At issue in this case is the location of the dividing line between two adjoining city lots. Plaintiffs' lot lies to the west of defendant's lot. It appears, without dispute, that the plaintiffs and their predecessor in title have been in possession on the east side of their lot up to a fence line which was erected by the plaintiffs' predecessor in title in 1953; that the defendant paid for the wire and the plaintiffs' predecessor in title put up the posts and erected the wire which fence remained in place until sometime in 1969 or 1970, at which time the defendant removed the fence and erected, over the plaintiffs' protest, a new fence on a line which, at the rear of the lots in question, is 4.8 feet west of the old fence line. Plaintiffs brought this action to enjoin the defendant's continuing trespass and to recover monetary damages. On the trial of the case, plaintiffs abandoned their claim for monetary damages and at the conclusion of the evidence and after instructions from the court the jury found for the plaintiffs. The trial court accordingly entered a judgment enjoining the defendant from maintaining a fence or any other personal property west of the line dividing the properties which corresponded to the location of the fence erected in 1953. The defendant filed a motion for a new trial, which was overruled, and she appeals.
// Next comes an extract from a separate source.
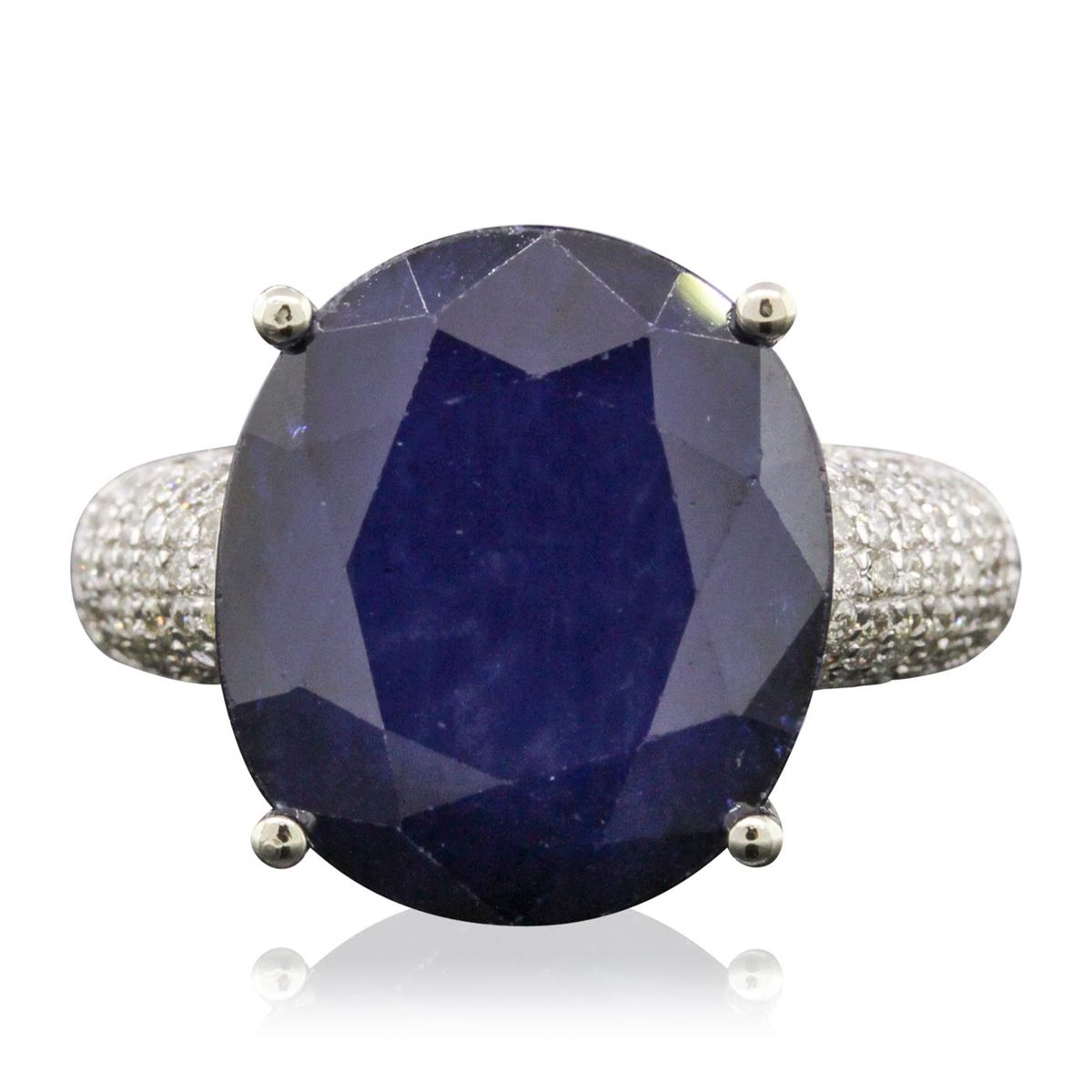 One electronically tested 14KT white gold ladies cast dyed sapphire and diamond ring with a bright polish finish. Condition is new, good workmanship. The featured dyed sapphire is supported by diamond set shoulders, completed by a three millimeter wide band. Identified with markings of "K14". Containing: One prong set oval mixed cut natural dyed sapphire, measuring 16.50 x 14.50 x 8.20mm, 8%. bulge factor, approximate weight of 17.02ct., clarity is severely included, dark, very slightly grayish, blue color, (GIA B 7/3), cut is good. Transmitting light very diffusely, opaque. Naturally occurring internal & external characteristics are present. Indications of multiple laboratory enhancements, including high temperature heat treatment and dye. Graded in the setting. Ninety-Six pav‚ set round brilliant cut diamonds, measuring 1.20 - 1.10 x 0.69mm (depth est.) approximate. Total Weight of 96 Stones = 0.62ct. Graded in the setting. Clarity: SI-1 to I-1. Color: H - J. Total Weight of Colored Stones 17.02ct. Total Weight of Diamonds 0.62ct. Total Weight of Ring 8.77 grams. AIG Appraised at $3,825.00.

1. Appellant contends that the court committed reversible error in denying her motion for a directed verdict made pursuant to the provisions of Code Ann. 81A-150 (a) at the conclusion of the plaintiffs' evidence and that this should be cause for a reversal notwithstanding that after the introduction of all of the evidence there may have been evidence authorizing the verdict rendered. Appellant cites no case in support of this position and we have found none. Furthermore, sound reasoning dictates that her contention should not be upheld. Even if the trial judge erroneously failed to direct a verdict at the conclusion of the plaintiffs' evidence if thereafter evidence be admitted without objection, which, when considered with evidence previously admitted, makes out a case in favor of the plaintiffs, and the jury under proper instructions renders a verdict for the plaintiffs, it would be substituting procedure and form for substance to say that the case ought to be reversed and a new trial granted. To establish such a rule would manifestly be contrary to the intent of the Civil Practice Act and of the Appellate Practice Act and also contrary to the rule which prevailed in this State with respect to motions for nonsuit under the former practice. This contention is without merit.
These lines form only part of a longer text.